Published online by Cambridge University Press: 14 October 2009
The problem then is to visualize and create linkages between the search for scientific truth, and the desire to achieve justice in our society. … [To do this] the scientific community must seek to establish a new contract with policy makers, based not on demands for autonomy and ever-increasing budgets, but on the implementation of an explicit research agenda rooted in [social] goals …. [Scientists and policy makers must work together to make certain that research programs stay focused on policy goals … [and] that success of research is measured by progress toward a better quality of life for humankind, rather than by number of publications or citations or research grants.

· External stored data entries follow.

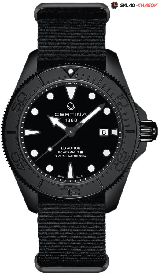 Практичные часы – незаменимый атрибут современного мужчины, помогающий не утратить реальность времени. Автоматические мужские часы DS Action Diver. В механизме 25 камней, частота 21600 полуколебаний в час. Запас хода 80 часов. Круглый стальной корпус. Рифленый безель с керамической вставкой. Матовый циферблат. Мечевидные стрелки в стиле Sword. Накладные метки в виде точек и штрихов. Метки и стрелки с люминесцентным покрытием, которое светится в темноте после непродолжительной зарядки на свету. Окошко даты находится в положении 3 часа. Рифленая заводная головка с защитой. Нейлоновый ремешок с классической застежкой.
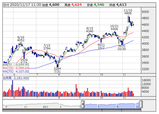 大幅続伸。米モデルナがコロナワクチンの最終治験において、94.5%の有効性を得られたと発表している。先に発表したファイザーに続く好内容となっており、世界的な景気の正常化につながっていくとの期待感が高まっている。とりわけ、海外との往来活発化による航空需要の回復を織り込む動きから、空運株の強い動きが目立っている。なお、同社とANNAHDに対しては、ゴールドマン・サックス証券による投資判断格上げの動きも観測されている。
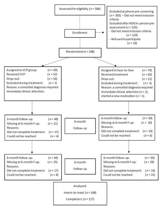 Data were analyzed using IBM SPSS version 28 (IBM Corp, Armonk, NY, USA, 2021), except for non-inferiority tests which were conducted with jamovi 2.2.5 [75] and the TOSTER module [76] for the lower or upper bound 1-sided significance tests and probability values. Non-inferiority analyses were conducted in accordance with recommendations by Mauri and D’Agostino [77] and Wellek’s [53], (p. 16, p. 30) using a strict margin of tolerance for non-inferiority of ε = 0.36 (i.e., ±10%) applied to the lower equivalence bound of the TOST equivalence test when VCP showed smaller improvements in comparison to face-to-face or applied to the higher equivalence bound of the TOST equivalence test when VCP showed larger improvements in comparison to face-to-face. The non-inferiority margin was set a priori in the grant proposal based on clinical expertise and Wellek’s [53] strict criteria of smallest acceptable difference. Missing data were handled using an intent-to-treat approach, where each missing information was replaced by the last available observation carried forward. This approach is more conservative than analyzing only treatment completers, as it protects against inflation of success rates at post-treatment and follow-ups. The non-completers rate was not statistically different in the two conditions (X2(1) = 1.06, p = 0.30). Further comparisons between completers and non-completers revealed no statistical difference on most variables (age, sex, presence or number of comorbid disorders, treatment sites, ADIS-IV, WAQ, and IUS) but significantly lower scores among the non-completers in motivation, PSQW, and measures of quality of life, as well as higher BDI-II scores. Comparisons between completer status and treatment conditions revealed no statistically significant interaction, with all effect sizes being very small (partial eta square range between 0.000 and 0.01). Although the impact of non-completers seemed limited, following recommendations by Mauri and D’Agostino [77], results of the per-protocol treatment completers is also reported for consistency of the non-inferiority tests. As an alternative for handling missing data and covariance among measures over time, Mixed Linear Modeling (MLM) analyses are reported in Appendix A. Analyses on completers are reported in the main text to rely on actual data from participants instead of data estimated by MLM models. Repeated measures ANOVAs with completers and MLM analyses will be given less attention, as their conclusions were consistent with the more conservative approach. The assumption of normality was not met for the outcome measures, which is expected in clinical samples. All analyses were also performed with non-parametric analyses, and all results of the parametric analyses were replicated; parametric analyses are therefore reported here. Mauchly’s test for sphericity was sometimes statistically significant; hence, the Greenhouse–Geisser correction to the degrees of freedom was applied to all analyses. Significance levels were set at p = 0.05 for the descriptive statistics and the main outcome measure (ADIS-IV), and family-wise Bonferroni corrected for the secondary (PSWQ, WAQ, IUS: p < 0.05/3 = 0.017) and tertiary measures (BDI-II, WHO-QOL—Psychological, WHO-QOL—Social relations: p < 0.05/3 = 0.017).
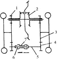 图4-30 铁牛-55、650型拖拉机差速锁示意图 1.最终传动主动齿轮 2.半轴齿轮 3.最终传动从动齿轮 4.右附加齿轮 5.右制动轴 6.浮轴 7.啮合套
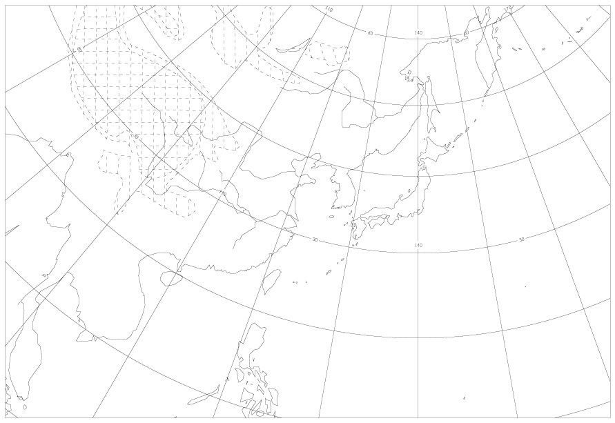 等温線:0℃ を基準にして,3℃ 毎 (寒候期12〜3月は 6℃毎) に破線で表示
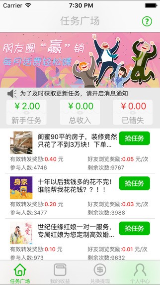 为用户提供阅读资讯、代言资讯并赚钱的服务,

– Representative George E. Brown, Jr. (1992: 780–81).Introduction
Economist Kenneth Arrow (1991: 48) makes clear in an overview of principal-agent theory that the costs of overcoming the asymmetry of information between the ignorant principal and the expert agent can be very high. Moreover, even if such costs could be overcome, the opportunity for principals to use specific monetary incentives is very limited (Braun 1993). These difficulties create pressure for simple contracts that do not necessarily incorporate monitoring, incentives, or other features required for an efficiently structured relationship. This chapter is about the simple contractual solution to the problem of delegation in science policy, from its institutionalization just after World War II to its termination in the 1980s.